A common misconception that even exists among healthcare professionals is that an allergy to contrast media is related to an allergy to seafood (usually shellfish) because both share iodine in their construction, implicating iodine as a source.

Numerous studies have shown that although iodine is common in contrast media, iodine is not the cause of allergic reactions to contrast media and instead the more likely culprit are the inert ingredients and the patient's past history of having other strong allergic reactions.

One important distinction is that allergic effects are by definition immunoglobulin E related histamine storms and studies have shown that contrast media cause no such reaction in vivo thereby refuting the possibility that contrast media or the iodine in it is likely to be an allergen. Although it may seem contradictory, the few rare cases of contrast medium mediated IgE are exceedingly rare compared to all adverse reactions and when they happen, are often because the patient already has multiple risk factors that suggest the patient has other allergy related problems.

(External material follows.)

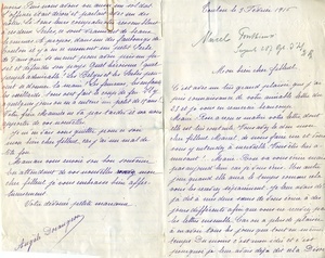 Gefalteter, vierseitiger Brief. Absender: Mademoiselle Angèle (Dorangeon) / 5 Avenue Marceau 5 / Les Barboussèdes / Toulon (Var), Adressat: "Monsieur Marcel Ponthieux / Sergent au 287e régiment / d’Infanterie, 21e Compagnie / Secteur postale 103", handschriftlicher Text, am Rand: Markierungen mit Buntstift. Transkription: "Toulon le 3 Février 1916 / Mon bien cher filleul / C’est avec un très grand plaisir que j’ai pris connaissance de votre aimable lettre du 25 et je vous en remercie beaucoup. / Marie-Rose a recu ce matin votre lettre dont elle est très contente. Vous avez le don mon cher filleul Marcel, de nous faire rire et vous vous y entendez à merveille. Vous êtes très amusant!.. Marie-Rose va vous écrire mais pas aujourd’hui car je vous écris. Un autre jour quand elle aura le temps comme cela vous les recevrez séparément. Je leur avais déjà dit à mes deux soeurs de vous écrire à des jours différents afin que vous ne recevrez pas les lettres ensemble. Car on a plus de plaisir à en avoir tous les jours que tout en même temps. Du moins c’est mon idée et c’est pourquoi je leur avais déjà dit cela. Désormais nous ferons donc ainsi. / Je suis heureuse mon cher filleul de savoir que vous avez eu de bonnes nouvelles de votre pauvre grand mère. Enfin! Vous avez dû être bien content. Il faut espérer qu’elle aura un mieux qui se maintaindra et que définitivement elle reprendra des forces. / J’ai vu par votre lettre que le bon curé de Crézancy avait été heureux de vous revoir. Cela se comprend qu’il vous aime bien et puis il y a bien longtemps qu’il vous connaît cela a dû être une joie pour lui à ce vénérable curé aussi dans son transport il vous a embrassé comme un frère que vous êtes du reste puisque l’Evangile dit que sur terre nous sommes tous frères. Quelle grande famille!... / Je vous approuve entièrement mon cher filleul de vouloir donner le beau chapelet tricolore à votre petite chérie Marcelle; et je suis bien sûre qu’elle en sera heureuse plus tard. D’abord parce que ce sera un souvenir précieux de son papa qui l’aura eu avec lui pendant toute la campagne où il aura combattu si vaillamment. A ce chapelet donc se rattacheront de grands et ineffacables souvenirs. Puis outre les souvenirs de son papa chéri de la guerre il lui sera doublement cher car il aura été donné par un saint et vénérable curé comme ce bon curé de Crézancy et qui doit avoir beaucoup d’affection aussi pour votre mignonne petite fille. Donc vous voyez qu’elle en sera heureuse plus tard votre petite Marcelle. / Raymonde elle aussi aura de gentils souvenirs et votre chère femme Aline aura le choix aussi. Sans une doute elles en seront toutes très heureuses. Comme je serais heureuse et contente mon cher filleul si vous pouviez enfin avoir des nouvelles de ces êtres tant aimés. Aussi espérons que cela ne tardera pas. Votre chère femme et vos deux jolies petites filles doivent avoir tellement hâte de vous revoir après de si longs mois de séparation! Comme vous allez les trouver grandes Marcelle et Raymonde; cela pousse si vite quand c’est petit! Aussi vous en serez fier. / Il a plu toute cette nuit mais on dirait que le temps veut se remettre au beau. / Dimanche je me promenais sur le port avec ma tante et nous avons vu un officier Serbe. Il était très bien. Grand, bien bâti, portant on ne peut mieux l’uniforme, avec une figure énergique et de grands yeux noirs. Puis nous avons vu aussi un soldat. L’officier était décoré et parlait avec un des nôtres. Si tous leurs compatriotes ressemblent à ces deux Serbes, ce sont vraiment de beaux hommes. A propos, dans un des faubourgs de Toulon il y a en ce moment un petit Serbe de 8 ans qui se meurt pour avoir pris un fusil et défendu son pays. Quel héroisme! Quel peuple admirable! Les Belges et les Serbes peuvent se donner la main! Les femmes, les enfants, les vieillards, tous ont fait le coup de feu. Il y a quelques jours ou on a enterré un petit de 18 ans!.. / Votre frère Maurice ne va pas tarder il va nous apporter de vos nouvelles. / Je m’en vais vous quitter pour ce soir mon bien cher filleul car j’ai un mal de tête fou. / Maman vous envoie son bon souvenir. En attendant de vos nouvelles mon cher filleul je vous embrasse bien affectueusement. / Votre dévouée petite marraine. / Angèle (Dorangeon)". Übersetzung "Toulon, den 3. Februar 1916 / Mein lieber Patensohn / Mit sehr großer Freude nahm ich Kenntnis von Ihrem liebenswürdigen Brief vom 25. und ich danke Ihnen sehr. / Marie-Rose hat heute morgen Ihren Brief erhalten, über den sie sehr glücklich ist. Ihr habt die Gabe, mein lieber Patensohn Marcel, uns zum Lachen zu bringen und davon verstehen Sie sehr viel. Sie sind sehr amüsant!.. Marie-Rose wird Ihnen schreiben, aber nicht heute, denn ich schreibe Ihnen. An einem anderen Tag, wenn sie die Zeit hat, erhalten Sie einen separaten Brief. Ich hatte schon meinen zwei Schwestern gesagt, dass sie Ihnen an unterschiedlichen Tagen schreiben sollen, damit Sie die Briefe nicht zusammen erhalten. Denn man hat mehr Freude einen jeden Tag zu haben als alle zur gleichen Zeit. Wenigstens ist es meine Idee und deshalb habe ich es ihnen schon gesat. Von nun an machen wir das nun so. / Ich bin glücklich, mein lieber Patensohn, zu wissen, dass gute Neuigkeiten von Ihrer armen Großmutter erhalten haben. Endlich! Sie müssen sehr glücklich gewesen sein. Man muss hoffen, dass es ihr besser gehen wird und dass es aufrecht gehalten wird und sie endlich wieder zu Kräften kommt. / Ich habe durch Ihren Brief gesehen, dass der gute Pfarrer von Crézancy sehr glücklich gewesen ist, Sie wiederzusehen. Das versteht sich, dass er sie gern hat und dazu ist es eine lange Zeit, dass er Sie kennt, das muss eine Freude für ihn gewesen sein, für diesen ehrwürdigen Pfarrer bei seinem Transport, er hat Sie umarmt wie einen Bruder, der er Ihnen übrigens ist, weil das Evangel

Historically, contrast media was sometimes highly dangerous but these dangers were not well-understood during the development of the early types of contrast media, such as Thorotrast.

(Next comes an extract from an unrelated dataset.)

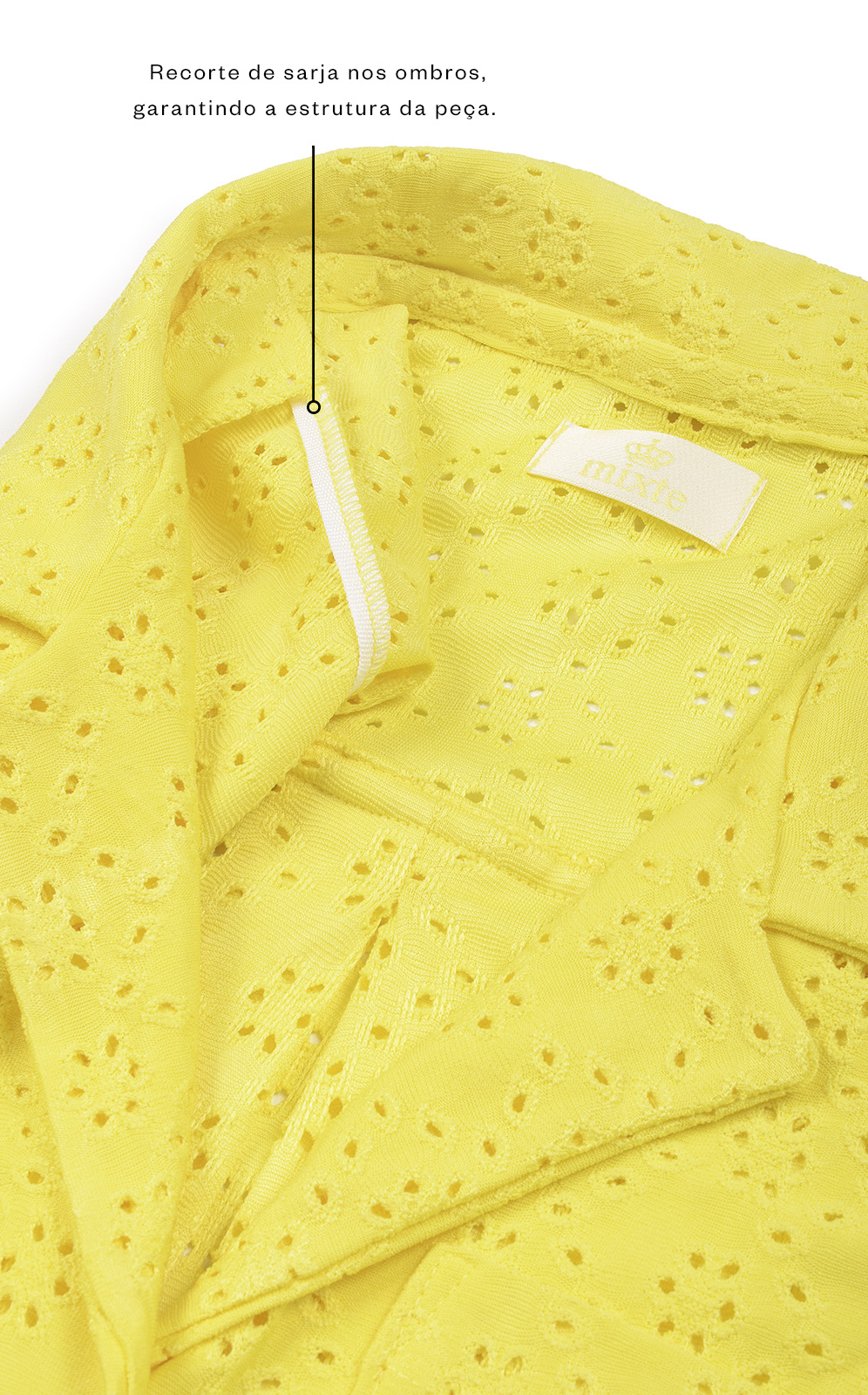 Dotado de um estilo de origem milenar, este tecido é destaque internacional em peças de verão. Com um elegante padrão de costuras perfuradas combinadas com bordados, o visual arejado passa a sensação de leveza e garante conforto devido a maleabilidade proporcionada pelo elastano.

Iodinated contrast (IV or intra-arterial) may delay the excretion of metformin (Glucophage®, Avandamet®), an oral hypoglycemic agent used in type 2 diabetes, and can be associated with lactic acidosis and renal failure (particularly in patients with CHF or those consuming alcohol). The manufacturer recommends withholding metformin 48 hrs prior to and following contrast administration (or longer if there is evidence of declining renal function following the use of contrast). Metformin should also be held ≈ 48 hours before any surgery, and should not be restarted post-op until the patient has fully recovered and is eating and drinking normally. The maximum dose of iodine with normal renal function is ≈ 86 gm in a 24-hour period.

Ionic contrast, if accidentally injected into the intrathecal space during routine imaging studies or interventional procedures, may significantly interfere with neuronal activity, potentially causing ascending tonic-clonic seizure syndrome and even death. As a result, ionic contrast is strictly contraindicated for intrathecal use. Rapid recognition of the condition followed by prompt management, typically involving aggressive cerebrospinal fluid (CSF) drainage, is critical to improving patient outcome. Lumbar drain has previously been well described as a management strategy.

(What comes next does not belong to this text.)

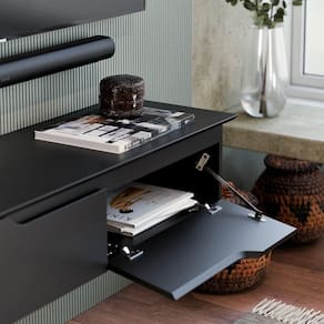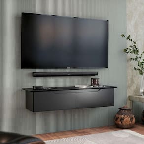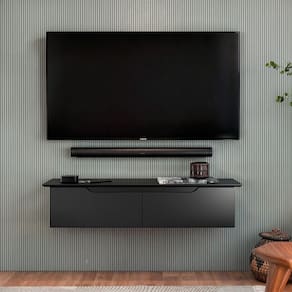 Rack Suspenso Flow Preto Com design minimalista e acabamento sofisticado, o Aparador Suspenso Flow é a escolha ideal para quem busca elegância com funcionalidade em ambientes compactos.Pensado para compor halls de entrada, salas ou corredores, o modelo valoriza cada detalhe do espaço, oferecendo leveza visual e praticidade no dia a estrutura suspensa garante um visual limpo e moderno, além de facilitar a limpeza e otimizar o ambiente com eficiê tampo e as portas em MDF usinado trazem um acabamento de alto padrão, evidenciando o cuidado com os detalhes e reforçando a proposta estética contemporâ amplo espaço interno, é ideal para armazenar objetos de forma discreta e organizada. O design funcional dispensa puxadores externos, criando uma frente contínua e diferencial, o modelo acompanha régua dupla face, permitindo personalizar o acabamento superior conforme o estilo do ões:Altura: 25 cmLargura: 112 cmProfundidade: 34 cmObservações:- Estrutura suspensa, com visual moderno e leve - Tampo e portas em MDF usinado, com acabamento refinado - Sem puxadores externos, com estética clean e sofisticada - Amplo espaço interno, para organização prática e funcional - Régua dupla face inclusa: escolha o visual que combina com seu ambiente - Ideal para halls, salas ou espaços compactos com estilo
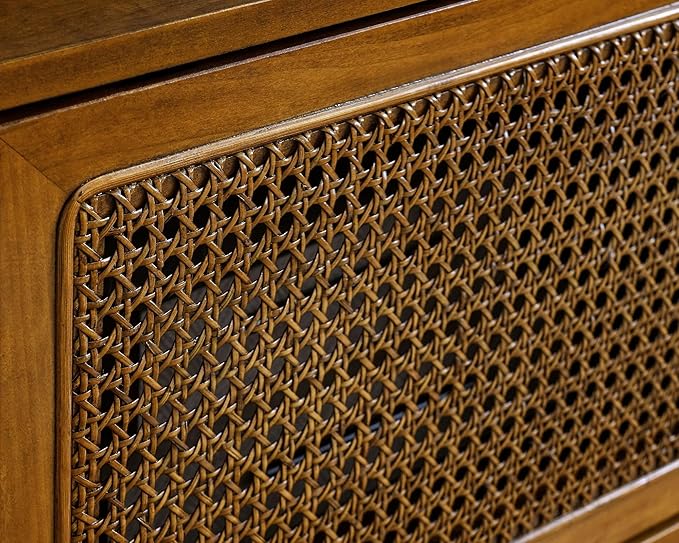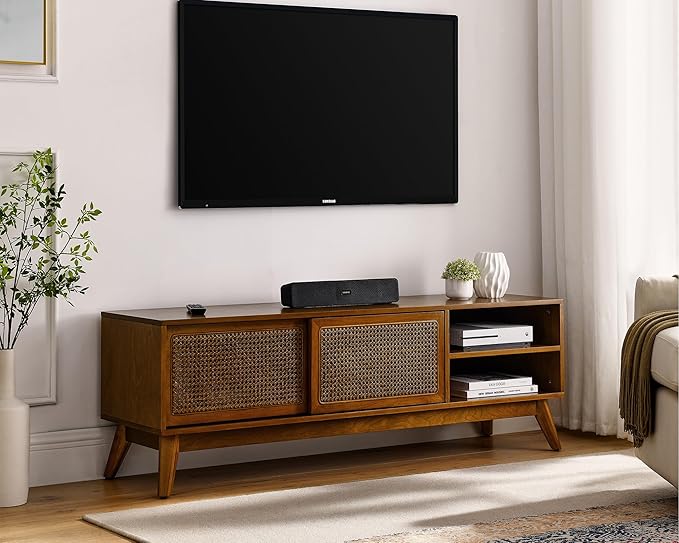 - 【Mid Century Modern TV Stand】This media console with storage blends modern and bohemian styles. Four solid wood legs provide strong support for our cane-made TV cabinet. In addition, plastic adjustable feet on the legs adjust the Angle to maintain balance and avoid scratching the floor.

Iodine-based contrast medium used in diagnostic and therapeutic cerebrovascular imaging may cause renal toxicity, especially in patients with underlying renal impairment. Contrast dilution may impede efforts of the neurointerventionalist to treat intracranial vascular pathology.

Serafin et al. found a high incidence of nephropathy in neurosurgical patients after intra-arterial CM administration. The renal function values and incidence of nephropathy following LOCM administration were not statistically different from those following IOCM administration ¹⁾.

A case of accidental intrathecal injection of an ionic contrast agent, iothalamate meglumine, in a patient undergoing cervical epidural steroid injection. This patient was managed successfully with drainage of CSF using an external ventricular drain (EVD) alone.

The literature review and analysis of the previously published cases demonstrate that aggressive CSF drainage is essential to improve outcomes, and in some cases an EVD alone may be effectively utilized ²⁾.